Storie di Sicilia
STALINGRADO 1941. LA BATTAGLIA CHE ROVESCIO’ LA GUERRA (Racconti)
Attaccata a sorpresa la Russia nel giugno del 1941, e conquistatane gran parte con la stessa rapidità con cui un anno prima avevano occupato Olanda, Belgio e Francia, le divisioni corazzate dei nazifascisti furono arrestate nel settembre del 1942 dal rigidissimo inverno e dalla disperata resistenza dell’esercito e dello stesso popolo russo alle soglie di Leningrado, di Mosca e di Stalingrado.
Fu in quest’ultima città che allora si combattè la prima battaglia della riscossa russa, alla quale seguirono difficili ma continue vittorie fino al cuore della Germania.
Stalingrado, che si estende per circa quaranta chilometri sulle rive del Volga, ridotta ben presto dai bombardamenti tedeschi a un sol cumulo di rovine, vide allora soldati, operai e cittadini, uomini e donne, combattere contro l’invasore casa per casa, strada per strada, fra le macerie e gli scoppi continui dei proiettili e delle bombe, in un inferno di fuoco e di sangue nel quale morirono centinaia di migliaia di uomini.
Le truppe tedesche, comandate dal generale von Paulus, accerchiate dal contrattacco russo, sarebbero potute sfuggire all’annientamento rompendo il cerchio di fuoco con una sortita verso ovest, ripiegando cioè verso posizioni meno avanzate, ma gli ordini di Hitler furono di resistere e di mantenere il posesso di Stalingrado a tutti i costi.
LA NOTTE NERA DI NATALE
Per fortuna la notte era buia.
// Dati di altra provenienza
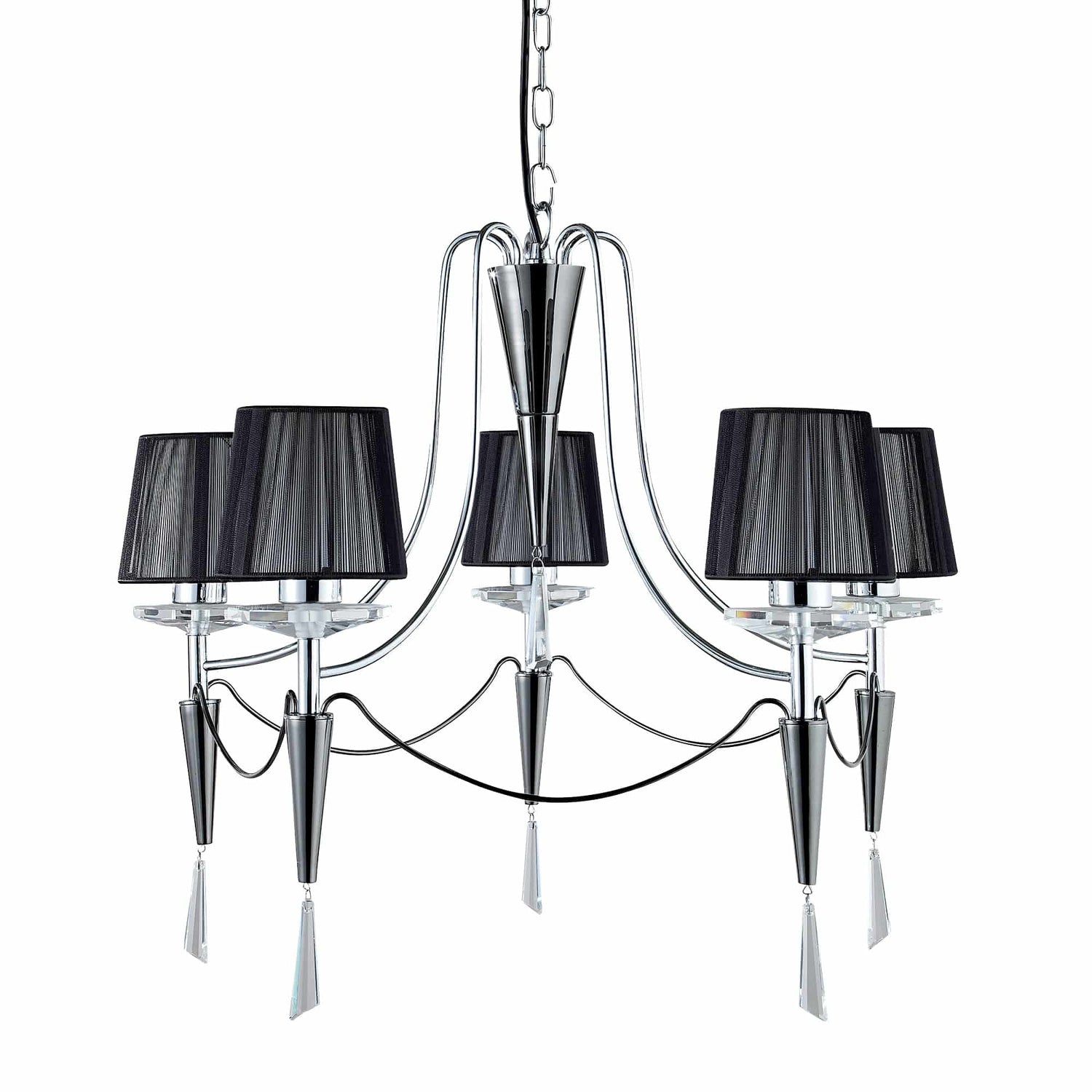 Duchess 5Lt Ceiling Pendant - Chrome/Crystal & Black Shades

La più nera di tutte. La luna stava dietro le nubi ed era molto freddo. Il silenzio era pesante come la notte. Lontano, al di là delle nubi, dietro di noi, si vedevano i bagliori della battaglia e ne veniva un rumore come di ruote sull’acciottolato. Stavo fuori della trincea con un mitragliatore imbracciato e scrutavo il buio verso le posizioni dei Russi. Anche da loro era silenzio: pareva non esistessero più. “Se attaccano adesso?” pensavo. E fremevo. Un alpino che avevo messo all’imbocco del camminamento venne a dirmi: “E’ passata la squadra di Moreschi, tutto bene”. “Vai ad avvisare Baffo”, dissi. Scrutavo il buio stringendo il mitragliatore e tremavo. “Sergentmagiù (1), è passato il Baffo, tutto bene”. “Vai ad avvisare la pesante (2)”. “E’ passata la pesante, tutto bene”. “Parla piano, vai ad avvisare Minelli”. Guardavo avanti il fiume nero. Non tremavo più. “Preparatevi anche voi”. Sentivo il rumore degli uomini di Pintossi che si preparavano: parole mormorate in un soffio, rumore di zaini che venivano caricati in spalla. “Sergentmagiù, possiamo andare?”. “Vai, Pintossi, e non far baccano”. “E tu non vieni?”. “Vai, Pintossi, io verrò”. Mi si avvicinò l’alpino dalla barba secca e rada. “Non vieni?” disse. “Vai”.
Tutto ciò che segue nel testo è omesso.